● Exercise objective:
Please produce an exact transcription of the lines from the one containing "A Xertox csoport" through the last line of the entries, leaving out every picture.

Collected data entries:
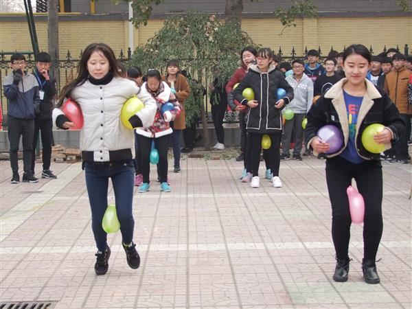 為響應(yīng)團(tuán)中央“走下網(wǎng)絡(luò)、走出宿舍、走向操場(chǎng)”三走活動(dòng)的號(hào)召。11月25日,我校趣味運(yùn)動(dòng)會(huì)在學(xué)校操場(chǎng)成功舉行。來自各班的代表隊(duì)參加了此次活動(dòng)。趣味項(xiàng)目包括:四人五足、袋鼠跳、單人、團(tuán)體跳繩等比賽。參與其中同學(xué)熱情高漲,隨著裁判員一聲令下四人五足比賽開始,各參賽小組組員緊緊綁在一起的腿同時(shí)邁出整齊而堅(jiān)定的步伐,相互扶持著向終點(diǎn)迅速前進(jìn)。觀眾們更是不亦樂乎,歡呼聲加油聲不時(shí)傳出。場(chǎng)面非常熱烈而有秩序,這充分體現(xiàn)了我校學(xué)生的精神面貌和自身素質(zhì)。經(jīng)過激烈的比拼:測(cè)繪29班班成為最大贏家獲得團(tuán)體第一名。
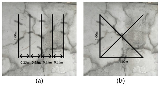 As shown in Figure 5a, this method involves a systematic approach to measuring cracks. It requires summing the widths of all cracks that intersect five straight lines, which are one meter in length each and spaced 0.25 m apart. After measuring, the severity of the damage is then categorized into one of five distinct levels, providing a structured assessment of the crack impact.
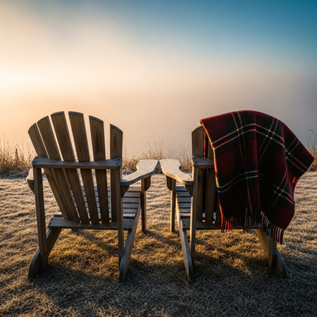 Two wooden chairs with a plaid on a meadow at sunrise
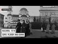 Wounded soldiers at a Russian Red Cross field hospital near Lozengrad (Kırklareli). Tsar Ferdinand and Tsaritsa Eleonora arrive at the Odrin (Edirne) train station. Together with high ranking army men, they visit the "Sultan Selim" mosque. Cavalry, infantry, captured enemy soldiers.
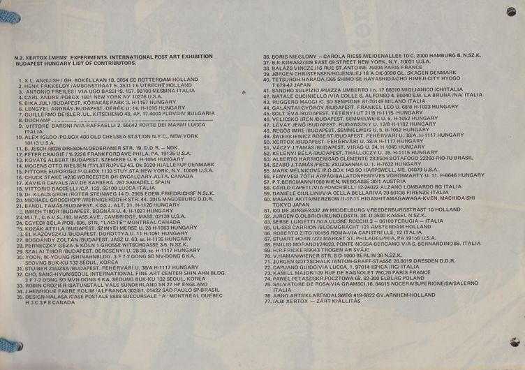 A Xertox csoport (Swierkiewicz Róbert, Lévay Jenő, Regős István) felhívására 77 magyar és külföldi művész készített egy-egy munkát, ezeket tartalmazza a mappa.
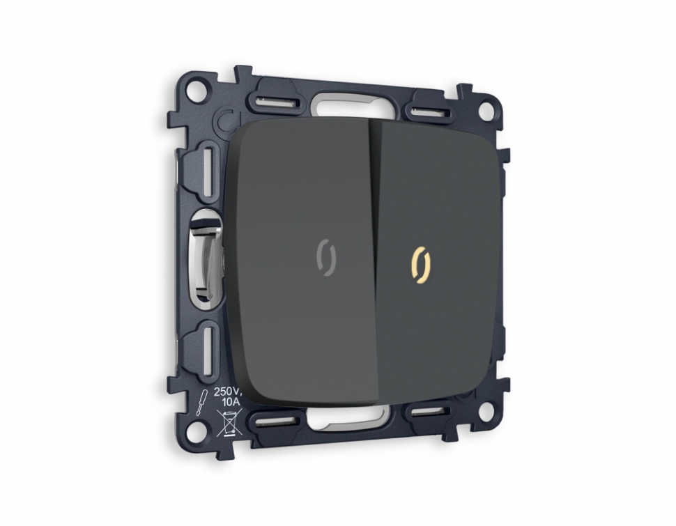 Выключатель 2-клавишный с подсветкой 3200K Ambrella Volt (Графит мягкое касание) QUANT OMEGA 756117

● Written solution:
 A Xertox csoport (Swierkiewicz Róbert, Lévay Jenő, Regős István) felhívására 77 magyar és külföldi művész készített egy-egy munkát, ezeket tartalmazza a mappa.
 Выключатель 2-клавишный с подсветкой 3200K Ambrella Volt (Графит мягкое касание) QUANT OMEGA 756117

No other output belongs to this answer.